* Exercise prompt:
Take the line that contains "Ganzglastür - Fineprint" and each line after it to the end of the material below, and return them exactly, minus the pictures.

* Given entries:
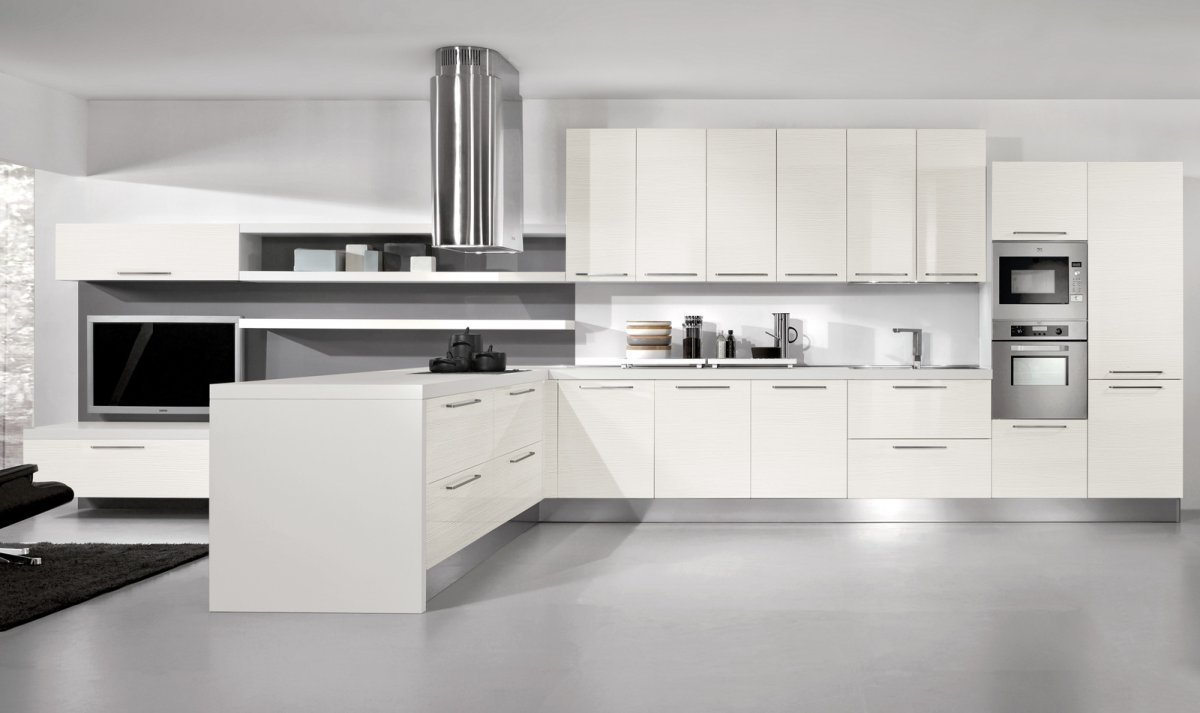 41. Кухонный хайтек мебель белый цвет
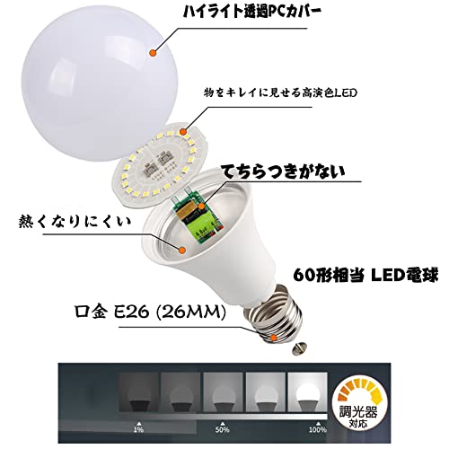LED調光器対応 e26調光器対応 LEDバルブ 昼光色 は無断階調光でき、調光範囲は100%~10%、様々な照明器具で使用できます。
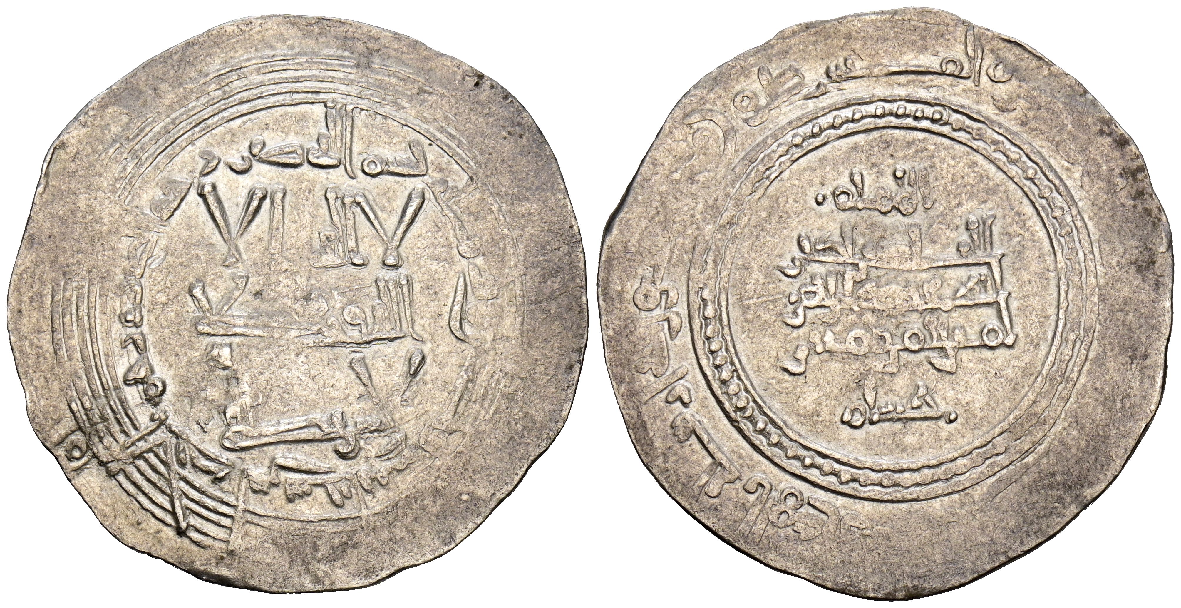 CALIFATO DE CÓRDOBA. 'Abd al-Rahman III. Dirham. (Ar. 3,12g/29mm). 334H. al-Ándalus / الاندلس. (Vives 408; Frochoso 334.17). Citando a Hišām / حشام en IA. MBC. Módulo grande. Escaso y atractivo ejemplar.
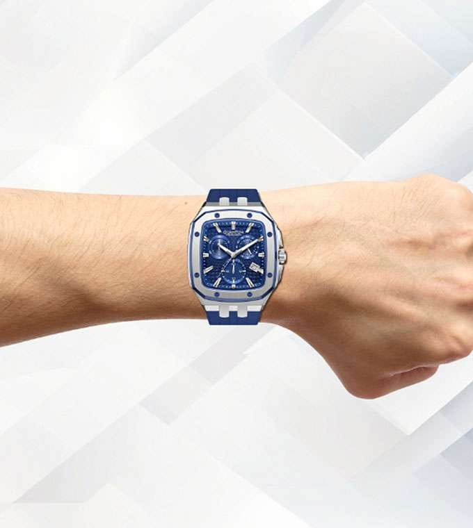 Мужские кварцевые часы Quantum из коллекции Hunter — крупные прямоугольные часы с ярким синим акцентом и функциональным хронографом. Корпус прямоугольный, из нержавеющей стали, размером 44 мм. БезельБезельВнешний ободок, закрепляющий стекло. В спортивных часах так называется поворотное кольцо с делениями на циферблате, выполняет роль таймера – замеряет отрезки времени на шкале. Неподвижный безель – элемент декора. Однонаправленно вращающийся безель на дайверских часах позволяет фиксировать моменты погружения и выныривания на поверхность. из нержавеющей стали с частичным PVD-покрытиемPVDУльтратонкое покрытие наносится в технике вакуумного напыления, сочетает в себе нитрид титана особой прочности со слоем золота или оксида хрома. Несёт в себе декоративную или защитную функцию.. Циферблат — синий с функциями хронографаХронографФункция позволяет измерять отрезки времени с особой точностью: часы, минуты, секунды. Верным признаком хронографа является наличие на циферблате 3 дополнительных окошек-счётчиков. и окошком даты. Стекло — минеральноеМинеральное стеклоМинеральное стекло представляет собой искусственно выращенный минерал кварца. Такое стекло отличается особой устойчивостью к повреждениям и царапинам. Уступает по некоторым качествам сапфировому стеклу. с антибликовым покрытием. Механизм — японский кварцевый Seiko. Водонепроницаемость 100 м. Ремешок — синий силиконовый на стандартной застёжке. Идеальный выбор для тех, кто ценит турецкий дизайн и спортивный стиль.
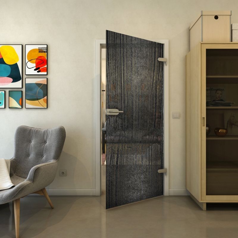 Ganzglastür - Fineprint Modell 032 Schwarz auf Grauglas
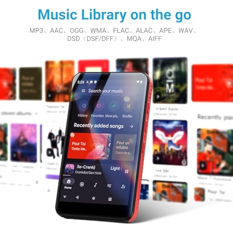 - 【Multifunctional MP3 Music Player】MECHEN X55 perfectly combines local music and streaming music. It is an MP3 music player with Bluetooth and WiFi. The device is pre-installed with the most popular online music applications, including Spotify, Amazon Music, Oto Music, Audible, VLC Music and more.

* Answer to this exercise:
 Ganzglastür - Fineprint Modell 032 Schwarz auf Grauglas
 - 【Multifunctional MP3 Music Player】MECHEN X55 perfectly combines local music and streaming music. It is an MP3 music player with Bluetooth and WiFi. The device is pre-installed with the most popular online music applications, including Spotify, Amazon Music, Oto Music, Audible, VLC Music and more.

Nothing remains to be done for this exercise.